Para Denise Carneiro, dirigente do sindicato da Bahia (Sindjufe-BA), é possível uma expressiva participação dos servidores do PJU e do MPU neste dia. “A análise de alguns de que nossa categoria não quer greve caiu por terra, basta ver os vídeos das assembleias. Nas ruas também sentimos a insatisfação enorme do povo com esse governo e o medo de perderem o direito de se aposentar.
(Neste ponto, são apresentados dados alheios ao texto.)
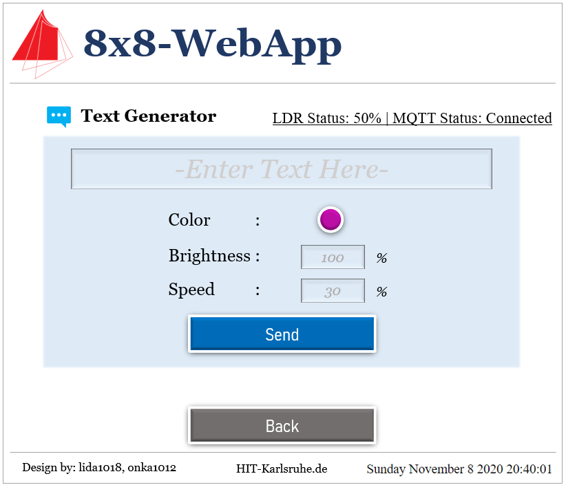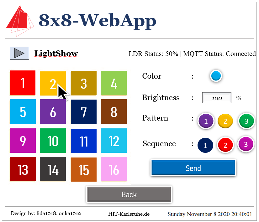 own color, brightness, pattern (pattern shown by 8x8 LED on each ESP32) and sequence (the movement of the 8x8 LED between each ESP32). The user then need to click Send button to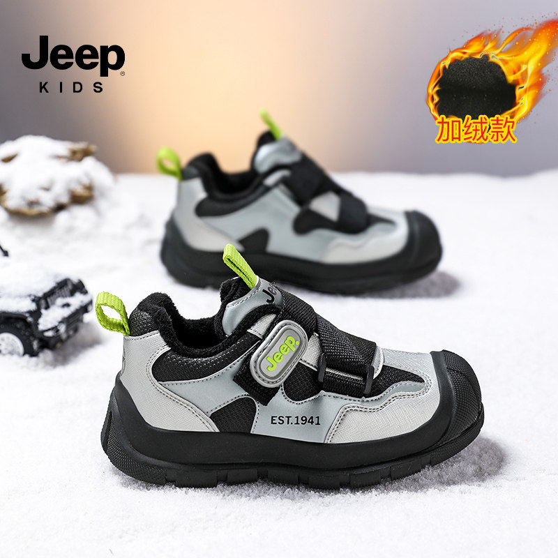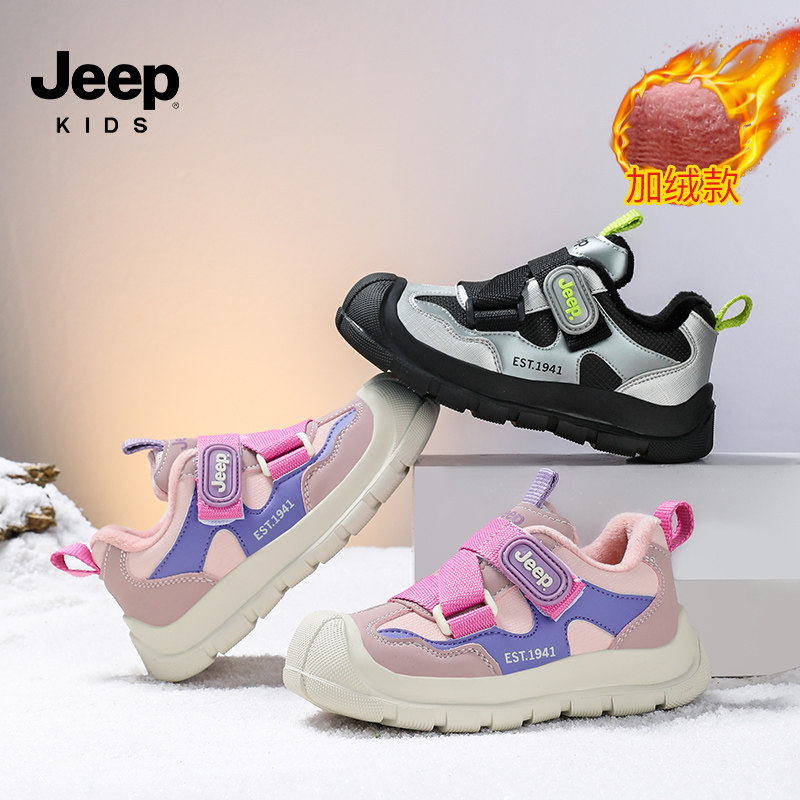 jeep男童老爹鞋2025秋冬新款网面透气加绒二棉儿童运动鞋女童鞋子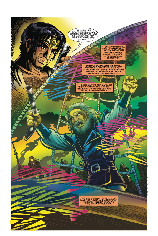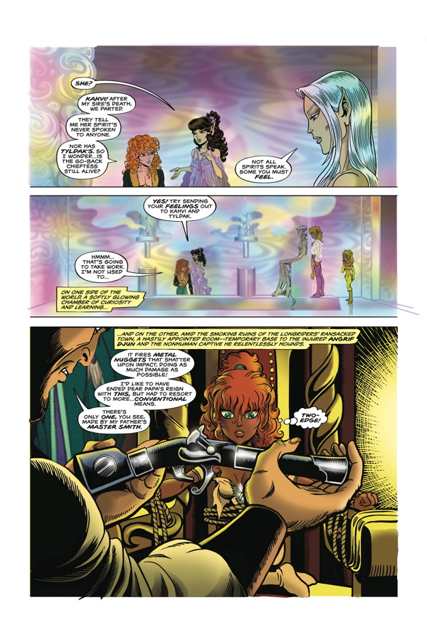 Years ago, the human tyrant Grohmul Djun made an unholy alliance with the mad half-elf, half-troll tinkerer called Two-Edge. Now, the Djun’s ambitious heir, Angrif, holds the key to a power never before seen on the World of Two Moons—a power that Chieftess Ember of the Wolfriders fears might destroy her world forever.

É só informar, com dados, que até os mais reticentes ficam apreensivos e dispostos a evitar isso. A greve geral vai acontecer”, afirma.

Onde os servidores já decidiram parar na Greve Geral – 14J

SUL

Rio Grande do Sul (Sintrajufe-RS)

Santa Catarina (Sintrajusc)

Paraná (Sinjutra: categoria decidiu parar – Sinjuspar: não informou)

 

SUDESTE

Espírito Santo (Sinpojufe/ES)

São Paulo (Sintrajud – Sindiquinze)

Rio de Janeiro (Sisejufe)

Minas Gerais (Sitraemg)

 

CENTRO-OESTE

Mato Grosso do Sul (Sindjufe-MS)

Mato Grosso (Sintrajufe-MT)

Distrito Federal (Sindjus-DF)

 

NORDESTE

Alagoas (Sindjus-AL)

Bahia (Sindjufe-BA)

Paraíba (Sindjufe-PB)

Pernambuco (Sintrajufe-PE)

Rio Grande do Norte ((Sintrajurn)

Ceará (Sindssétima – Sintrajufe )

Maranhão (Sintrajufe-RS)

 

NORTE

Tocantins (Sindjufe)

 

Decidiram participar da mobilização, sem paralisação

=Piauí (Sintrajufe-PI) – Assembleia decidiu participar das mobilizações gerais contra a reforma, sem paralisação.

=Amazonas – Aprovou convocação da categoria para o ato unificado e panfletagens, sem paralisação.

=Pará/Amapá (Sindjuf-PA-AP) – Assembleia aprovou participar dos atos unificados.

=Goiás (Sinjufego) – Participação nos atos, sem paralisação.

* Amazonas (Sinjeam/AM e Sitra/AM) – O Sinjeam informa que os servidores da Justiça Eleitoral decidiram participar das manifestações, mas sem paralisação; o Sitra-AM está divulgando a greve e a ida ao ato, mas não informa se houve deliberação da categoria de parar.
**Em Sergipe (Sindjuf-SE), não foi realizada assembleia.